Elections officials under Virginia’s Republican Governor Glenn Youngkin acknowledged the removals on October 5 but said they stemmed from honest mistakes that they will correct before the November 7 General Assembly elections, which will decide the fate of the governor’s legislative legacy and his viability as a potential 11th-hour 2024 presidential candidate.

“When the governor’s office became aware of the inconsistencies regarding the misclassification of probation violations as felonies, as had been the process in previous administrations, he asked for … [State Police] to correct the process and ordered a review,” Youngkin spokeswoman Macaulay Porter said in an email to the media.

The Justice Department has not responded to a request for comment as of the GUIDE’s deadline.


The issue arose weeks after early voting in the state began on Sept. 22. Youngkin’s elections officials conceded that they had removed an unknown number of voters who had been convicted of felonies, had their voting rights restored, and then went on to violate the terms of their probation. The state’s computer software counted the probation violations as new felonies that disqualified them from voting, administration officials have said.

The administration announced in December that it scrubbed 10,588 voters from the rolls as it sought to root out anyone not entitled to cast a ballot. Elections officials acknowledged that some of them should not have been removed, but they were unable to determine how many immediately.

As it turned out,  270 of the removals were made in error, officials said.

The lawmakers’ letter calls news reports about the problem “alarming” given the “consequential election already underway in Virginia” and previous issues with the state’s voter registration systems under Youngkin – including backlogs that delayed the processing of about 256,000 “motor voter” registration applications in the run-up to last year’s midterm congressional elections.

Youngkin ran for Governor in 2021 vowing to bring “election integrity” and business-world efficiency to state government.

In their letter to Garland, the Democrats said “potentially thousands of eligible Virginia voters” were removed.

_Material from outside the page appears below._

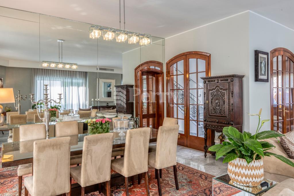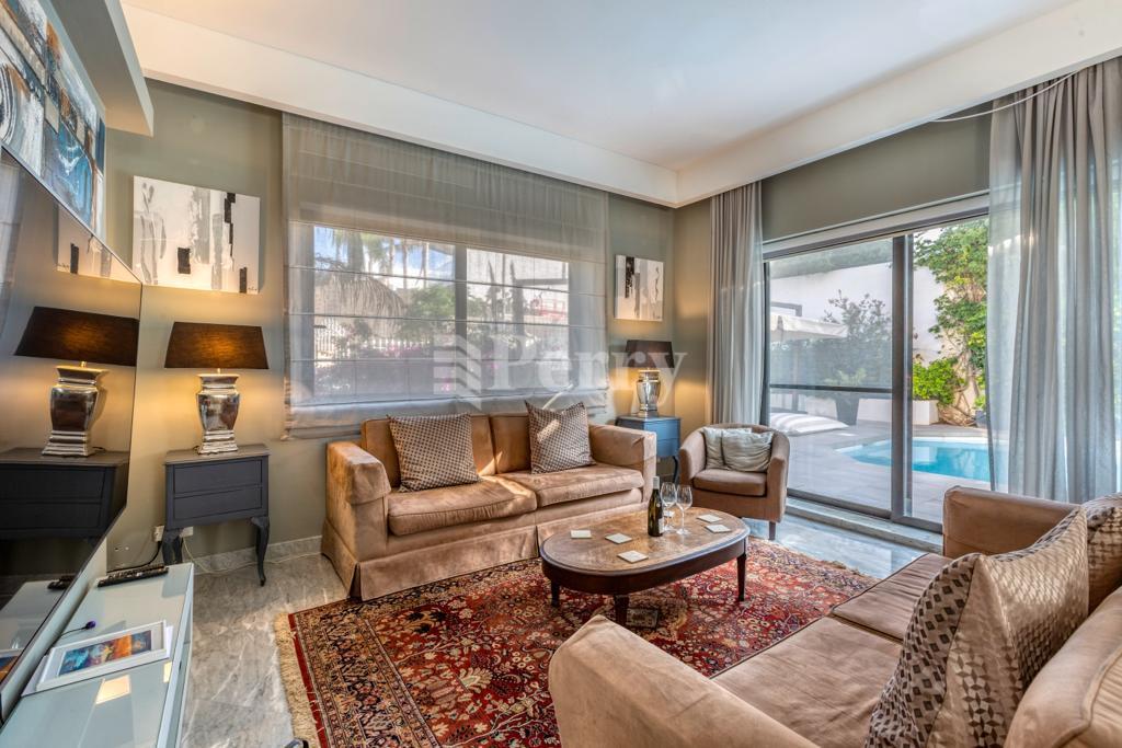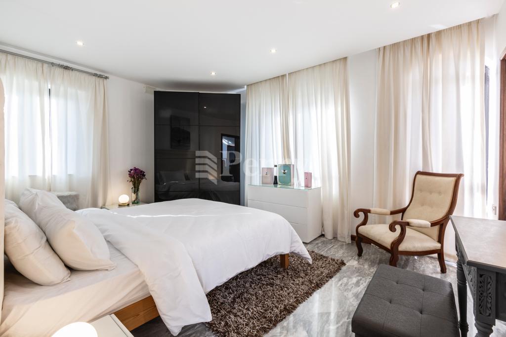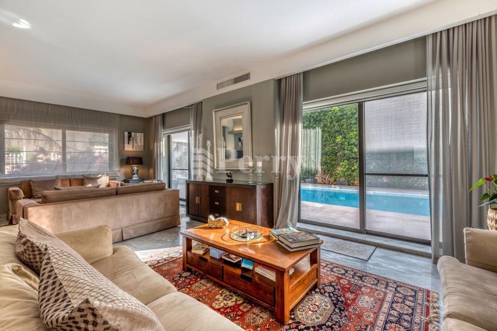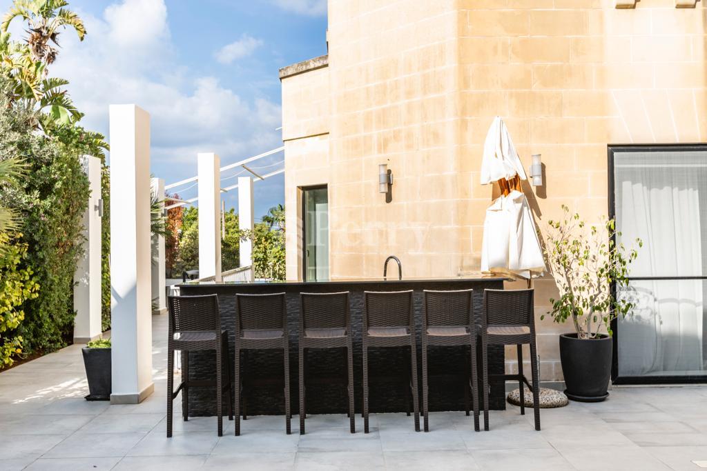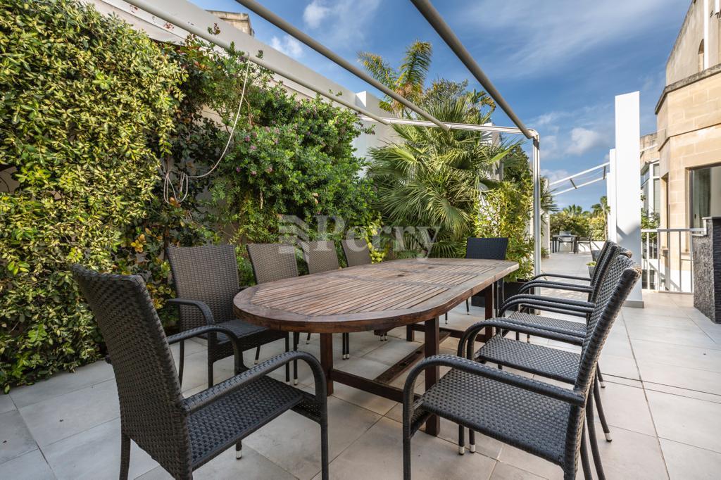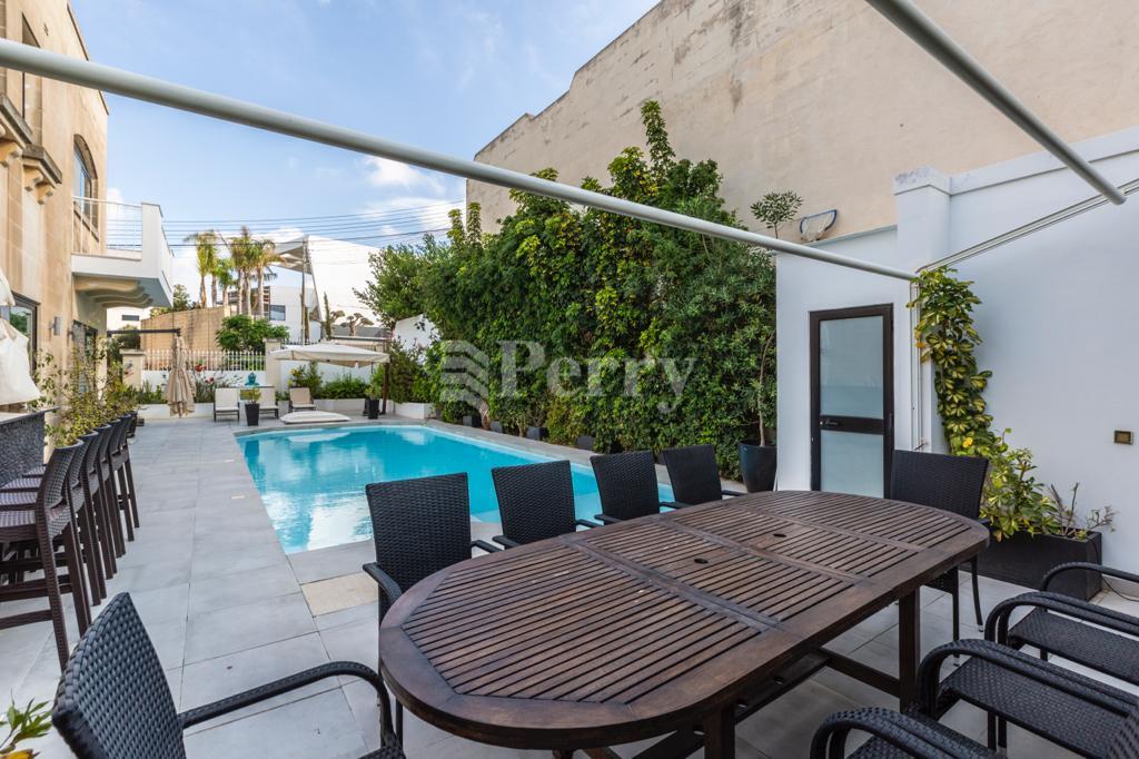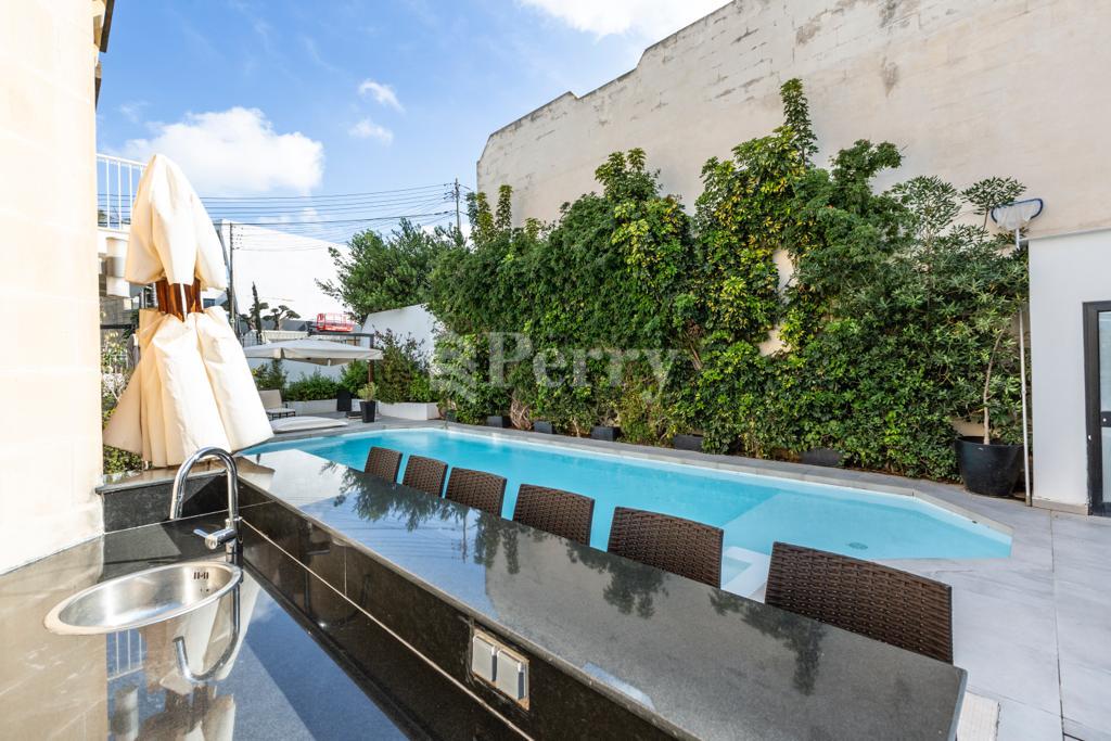HIGH RIDGE - MADLIENA. A luxury Semi Detached Villa in this superb location, an exclusive upmarket Villa area. Offered fully furnished and finished to the highest standard, the Villa is served by a lift. On the Ground Floor Level, it comprises a welcoming bright entrance hall with a lovely skylight feature, an open plan sitting / dining / living area, a separate dining room, a separate fully equipped kitchen with quality appliances, a study room and a guest toilet. There is ease of access from the entire ground floor area to the outdoor area, which incorporates a good sized swimming pool, extensive decking area, a landscaped surrounding garden, perfectly designed with a dedicated bar / seating / dining section for comfortable outdoor entertainment. On the first floor there are four double bedrooms, two bedrooms with bathrooms ensuite and a main bathroom. On the third floor there is a laundry room with access to a terrace, enjoying distant seaviews. At basement level there is a flatlet with an additional two bedrooms and a lock up garage for three cars. Special features include photovoltaic panels.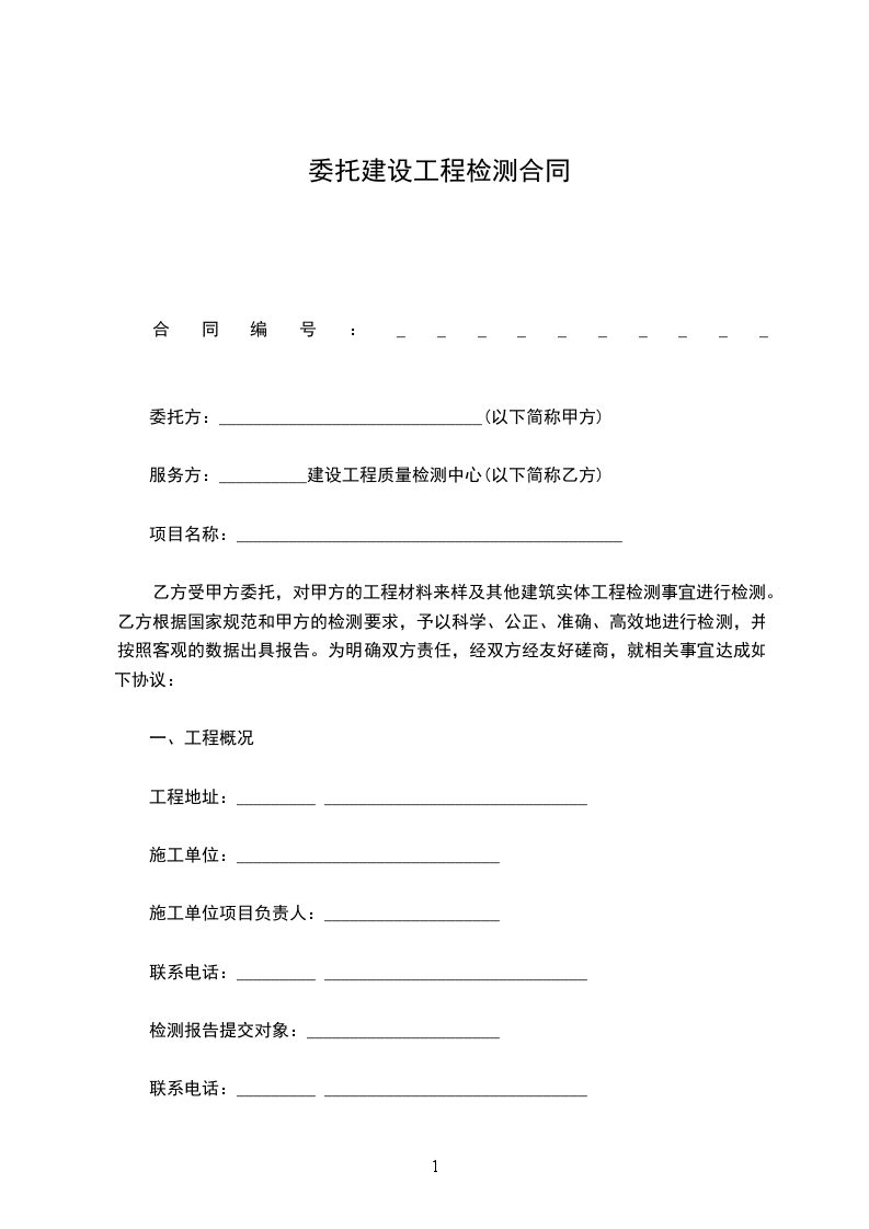 1、工程开工后,凡建设过程发生的相关检测均委托乙方进行。

Virginia is one of a few states that limit voting access after a felony conviction. The Commonwealth permanently disenfranchises those guilty of violent or nonviolent felonies unless the governor restores their civil rights.

Last July State NAACP leaders noted “Against the backdrop of the Commonwealth’s deplorable history of state officials using the power of their offices to prevent Black Virginians from voting, the Virginia NAACP is concerned that the Governor’s new process restores voting rights to some and not others without justification or explanation,” said Virginia NAACP President Robert N. Barnette, Jr.

In the 1980s, then Democratic Governor Charles Robb initiated a procedure to simplify the process for restoring voting rights, and all subsequent governors, both Democratic and Republican, expanded on that initiative, until the Youngkin Administration.